AIM OF THE EXERCISE —
In the entries that follow, the lines from the line containing "Participação é voltada" up to and including the line containing "Vista del sito di posizionamento" must be copied exactly, with pictures omitted.

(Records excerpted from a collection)

◇ ◇ ◇ ◇ ◇ ◇ ◇

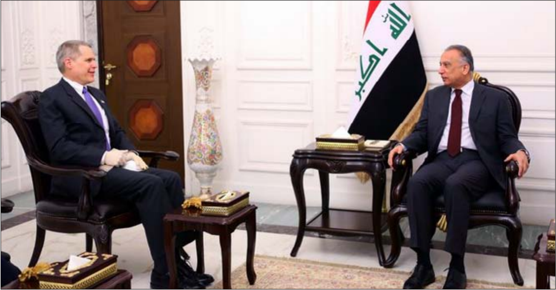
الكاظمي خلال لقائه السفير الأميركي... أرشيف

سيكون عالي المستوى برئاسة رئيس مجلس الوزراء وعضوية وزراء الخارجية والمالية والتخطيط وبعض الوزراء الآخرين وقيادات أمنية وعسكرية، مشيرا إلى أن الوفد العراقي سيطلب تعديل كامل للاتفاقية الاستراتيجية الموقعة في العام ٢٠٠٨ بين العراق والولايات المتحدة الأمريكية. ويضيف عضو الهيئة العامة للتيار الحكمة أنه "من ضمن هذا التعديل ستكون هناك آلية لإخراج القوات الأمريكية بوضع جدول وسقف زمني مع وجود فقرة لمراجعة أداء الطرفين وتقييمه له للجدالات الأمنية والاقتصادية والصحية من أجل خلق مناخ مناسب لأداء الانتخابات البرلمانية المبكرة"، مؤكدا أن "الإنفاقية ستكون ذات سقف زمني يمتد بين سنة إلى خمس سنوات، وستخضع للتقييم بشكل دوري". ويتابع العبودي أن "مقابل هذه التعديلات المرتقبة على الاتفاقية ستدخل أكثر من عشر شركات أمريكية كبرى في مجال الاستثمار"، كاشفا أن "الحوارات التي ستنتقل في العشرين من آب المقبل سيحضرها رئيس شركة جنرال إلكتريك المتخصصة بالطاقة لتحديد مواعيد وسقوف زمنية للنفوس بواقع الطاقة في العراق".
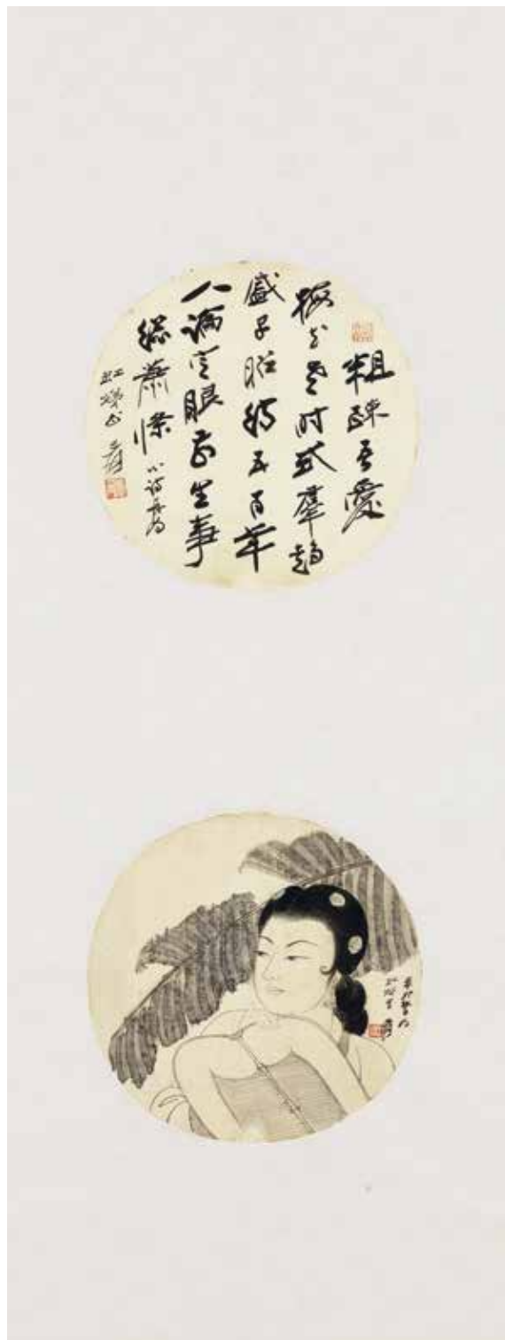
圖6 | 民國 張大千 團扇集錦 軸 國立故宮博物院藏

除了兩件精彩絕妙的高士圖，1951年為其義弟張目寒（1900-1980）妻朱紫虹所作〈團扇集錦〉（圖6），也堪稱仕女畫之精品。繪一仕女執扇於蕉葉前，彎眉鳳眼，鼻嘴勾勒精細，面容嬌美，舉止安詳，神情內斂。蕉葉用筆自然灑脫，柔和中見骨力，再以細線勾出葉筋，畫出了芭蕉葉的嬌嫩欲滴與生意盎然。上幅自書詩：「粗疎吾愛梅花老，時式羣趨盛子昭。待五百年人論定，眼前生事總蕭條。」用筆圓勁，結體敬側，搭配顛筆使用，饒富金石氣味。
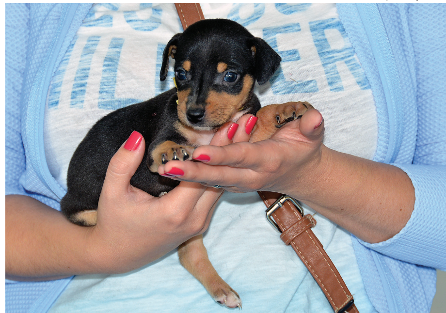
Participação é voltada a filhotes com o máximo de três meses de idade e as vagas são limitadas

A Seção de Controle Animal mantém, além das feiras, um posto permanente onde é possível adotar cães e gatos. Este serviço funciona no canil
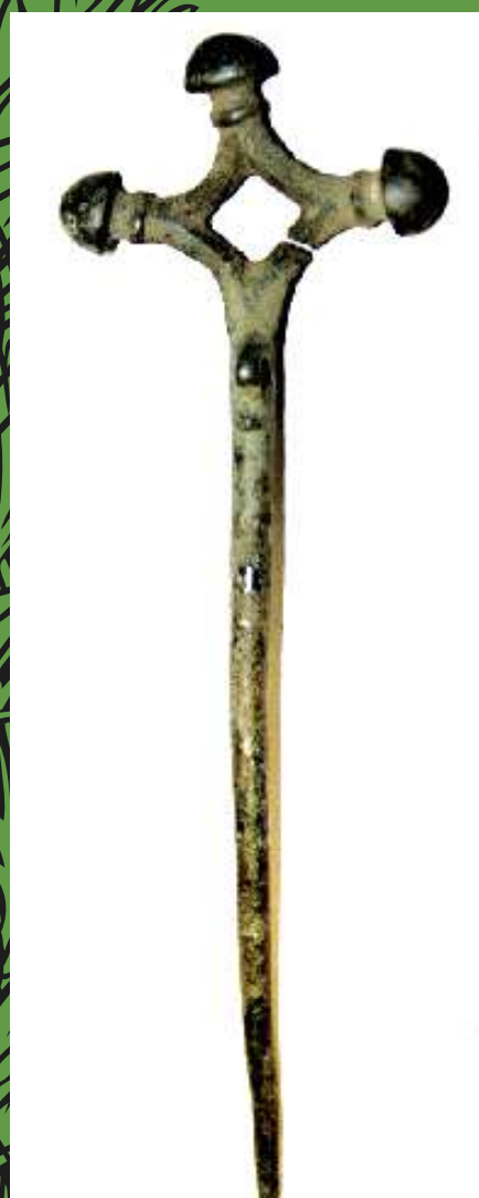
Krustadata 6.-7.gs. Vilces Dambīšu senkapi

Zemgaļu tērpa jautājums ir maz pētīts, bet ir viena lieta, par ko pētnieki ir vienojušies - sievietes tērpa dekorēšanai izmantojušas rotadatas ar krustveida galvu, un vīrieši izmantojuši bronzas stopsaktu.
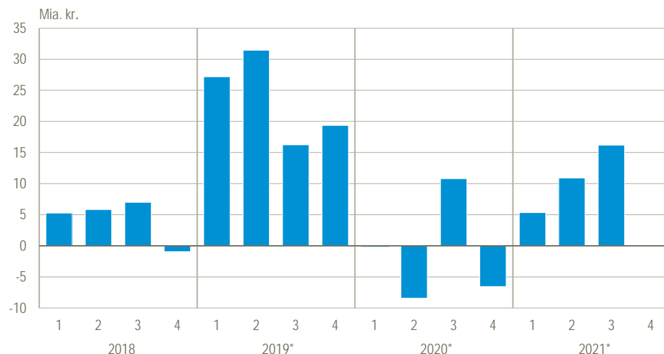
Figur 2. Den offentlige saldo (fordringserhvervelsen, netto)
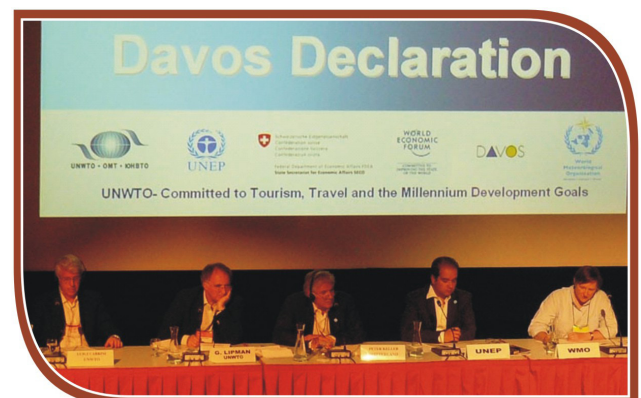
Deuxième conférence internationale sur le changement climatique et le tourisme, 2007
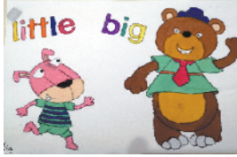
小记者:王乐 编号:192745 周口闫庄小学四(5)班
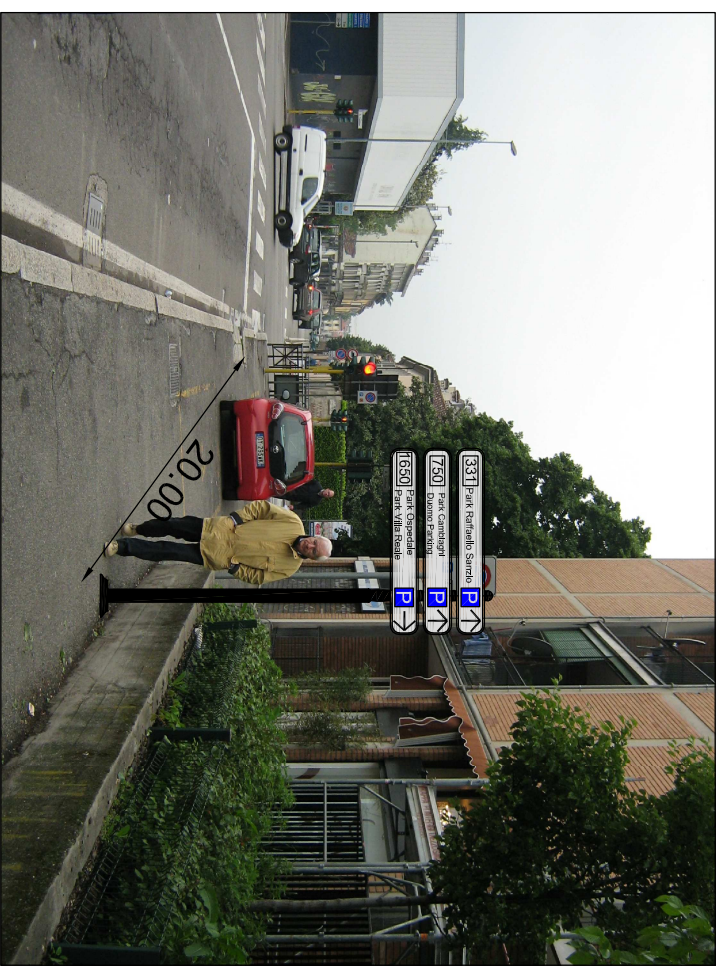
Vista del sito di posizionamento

◇ ◇ ◇ ◇ ◇ ◇ ◇

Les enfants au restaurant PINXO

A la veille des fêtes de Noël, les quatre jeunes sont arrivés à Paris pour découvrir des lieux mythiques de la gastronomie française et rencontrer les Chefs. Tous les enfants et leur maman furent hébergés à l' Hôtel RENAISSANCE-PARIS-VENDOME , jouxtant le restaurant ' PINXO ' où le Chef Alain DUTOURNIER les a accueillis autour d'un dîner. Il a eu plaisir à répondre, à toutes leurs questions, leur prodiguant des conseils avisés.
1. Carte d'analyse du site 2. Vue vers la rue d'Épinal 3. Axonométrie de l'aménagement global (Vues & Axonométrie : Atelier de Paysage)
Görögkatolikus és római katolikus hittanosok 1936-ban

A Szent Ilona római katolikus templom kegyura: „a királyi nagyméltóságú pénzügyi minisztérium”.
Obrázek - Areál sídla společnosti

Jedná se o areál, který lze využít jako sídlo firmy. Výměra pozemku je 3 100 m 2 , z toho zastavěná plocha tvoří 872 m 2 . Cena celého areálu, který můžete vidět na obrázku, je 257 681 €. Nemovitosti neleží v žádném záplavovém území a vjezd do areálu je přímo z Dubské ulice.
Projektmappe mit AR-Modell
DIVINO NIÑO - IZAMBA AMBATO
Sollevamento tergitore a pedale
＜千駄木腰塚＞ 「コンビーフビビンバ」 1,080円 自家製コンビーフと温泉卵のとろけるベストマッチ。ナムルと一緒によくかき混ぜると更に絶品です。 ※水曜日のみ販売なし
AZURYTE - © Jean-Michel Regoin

◇ ◇ ◇ ◇ ◇ ◇ ◇

EXERCISE ANSWER —
Participação é voltada a filhotes com o máximo de três meses de idade e as vagas são limitadas

A Seção de Controle Animal mantém, além das feiras, um posto permanente onde é possível adotar cães e gatos. Este serviço funciona no canil
Krustadata 6.-7.gs. Vilces Dambīšu senkapi

Zemgaļu tērpa jautājums ir maz pētīts, bet ir viena lieta, par ko pētnieki ir vienojušies - sievietes tērpa dekorēšanai izmantojušas rotadatas ar krustveida galvu, un vīrieši izmantojuši bronzas stopsaktu.
Figur 2. Den offentlige saldo (fordringserhvervelsen, netto)
Deuxième conférence internationale sur le changement climatique et le tourisme, 2007
小记者:王乐 编号:192745 周口闫庄小学四(5)班
Vista del sito di posizionamento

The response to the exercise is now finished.